She pointed out that one of the first physical needs all newborns have is for warmth. Mary takes care of that need too, wrapping the babe in swaddling clothes.
“In some ways it sounds kind of heretical to talk about God having lack, but that’s part of the scandal of the Incarnation, that God knows want and has needs met.”
Born amid death
Bringing Jesus into the world required human effort and kindness. Sadly, as Matthew tells it, his arrival also was accompanied by great human loss.
In all the excitement about angelic dreams and visiting magi, Althea Spencer-Miller — a New Testament professor at United Methodist Drew Theological School — urges Christians not to overlook Herod’s savage reaction to news of a coming Messiah.
In a move reminiscent of the pharaoh of Exodus, the wicked king orders the murder of all children in Bethlehem and surrounding areas who are 2 and younger. Matthew, quoting Jeremiah, describes the parents’ cries for their lost children.
Meanwhile, Joseph — on angelic advice — has fled with his wife and young child to Egypt. Spencer-Miller, like many Christians, thinks of Matthew’s account when she sees images of today’s refugees fleeing violence and oppression. “This is the story of a family running for their lives from authorities,” she said.
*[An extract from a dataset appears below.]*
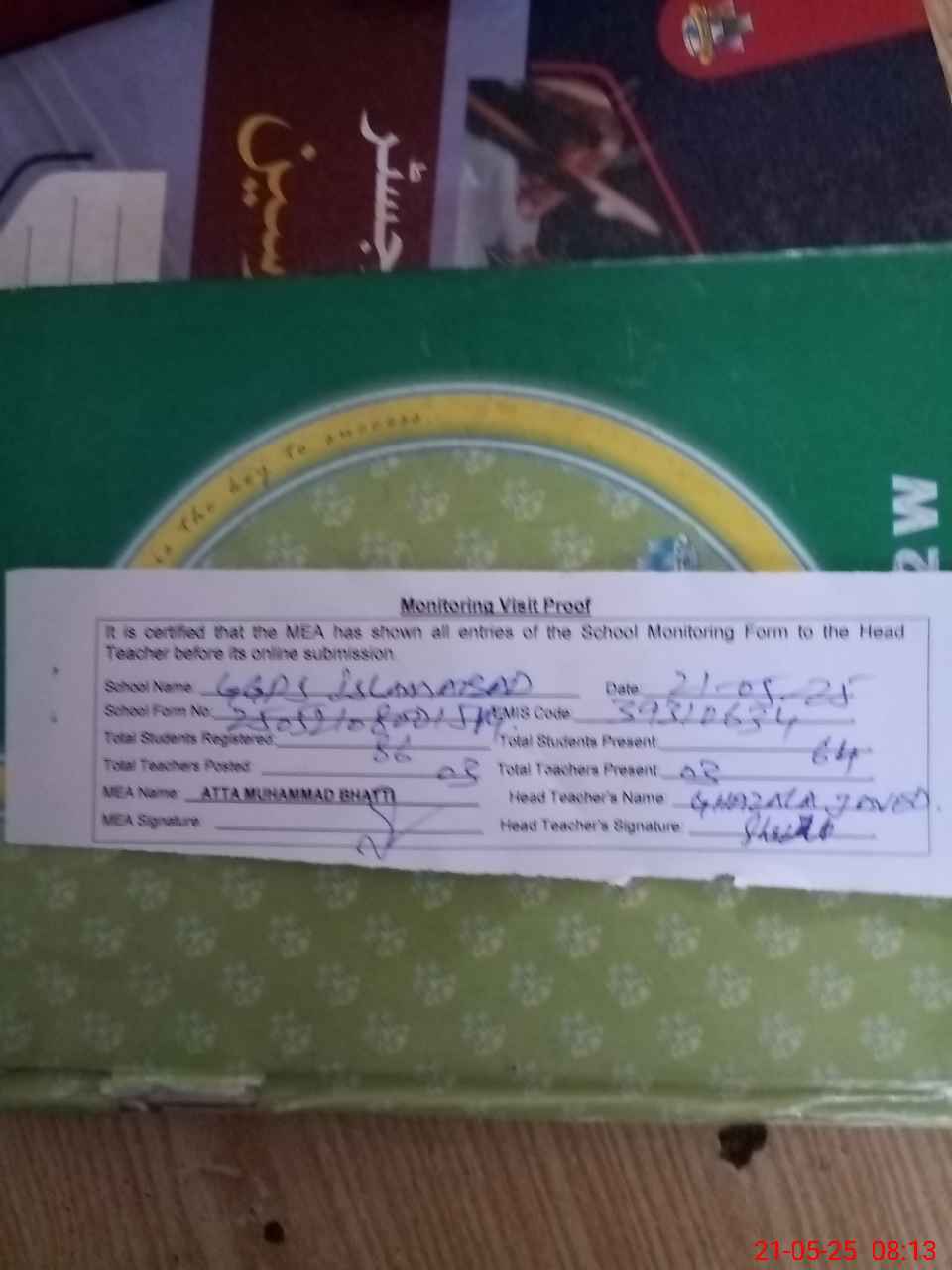 | Attendance Register | Head Teacher | MEA with School | Visit Proof |

The Roman Catholic Church annually remembers Herod’s “slaughter of innocents” on Dec. 28. Spencer-Miller urges all Christians to remember the children whose parents didn’t have the power to protect them from Herod’s political might.
“It troubles our complacency that the birth of Jesus is all about joy and a wonderful gift to the world,” she said. “It draws our attention to those who sacrifice ultimately for the good that is to come. Jesus is not the only one who gives his life.”
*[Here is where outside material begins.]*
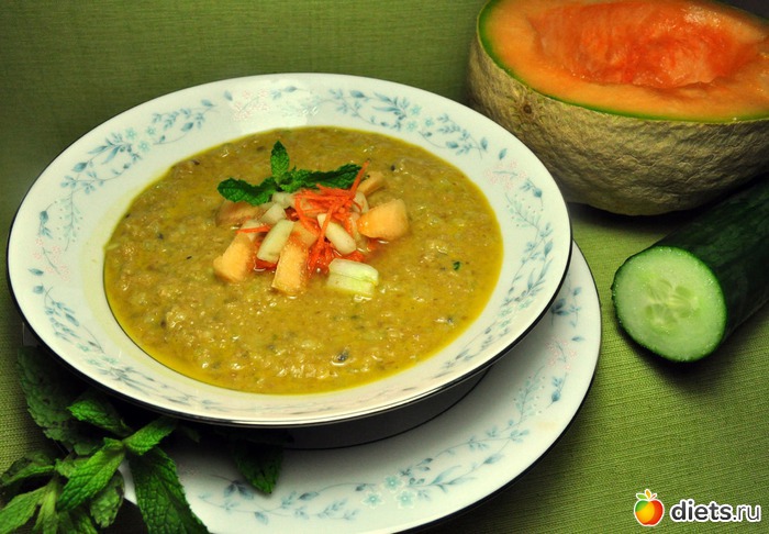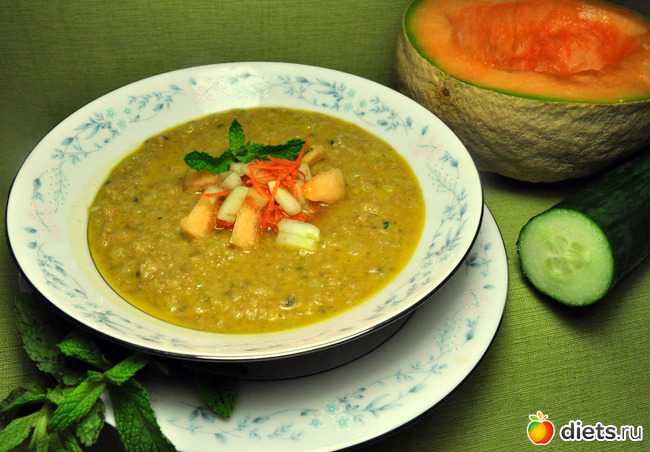 Дорогие Девочки, приглашаю отведать вкусный холодный суп, прекрасный для летнего дня, так как его краски напоминают мне теплоту августа и он и насытит и освежит. В то же время мало калорий, что важно для нас, стремящихся похудеть и оставаться прекрасными и неотразимыми всегда. Огурец и дыня - оказывается прекрасная семья вместе и сочетание восхитительно.

Wheeler, the Christian ethicist, sees Herod’s massacre as “a reminder of the brutal lengths to which power will go in its own defense, then as now.”
Yet, even in a world of tyranny and slaughter, God chooses weakness.
Born to die
Get beyond the Christmas carol imagery of singing angels and silent nights, and God’s saving work looks like a “crazy strategy,” Wheeler said.
“If you were God and your aim was to overcome evil in the world and redeem creation, would this be how you approach it?” she asked.
She admits to having a lot of sympathy for Jews like the Zealots who, confronted with the occupation of Rome, expected their Messiah to come with a plan for conquest, not crucifixion by that same occupying power.
Faced with the real hatred in today’s world, Wheeler is also sympathetic to fellow Christians who want Jesus to return now and take names.
Confronted with grave injustice, she said: “We honestly want to call out the Marines.”
However, suppressing evil with the threat of superior force only offers a temporary respite, she said. Sooner or later, the cycle of violence will continue.
“If you ask me as an ethicist, ‘What does the nativity teach us?’ That God is operating with a whole different understanding and idea of what the conquest of the evil looks like.”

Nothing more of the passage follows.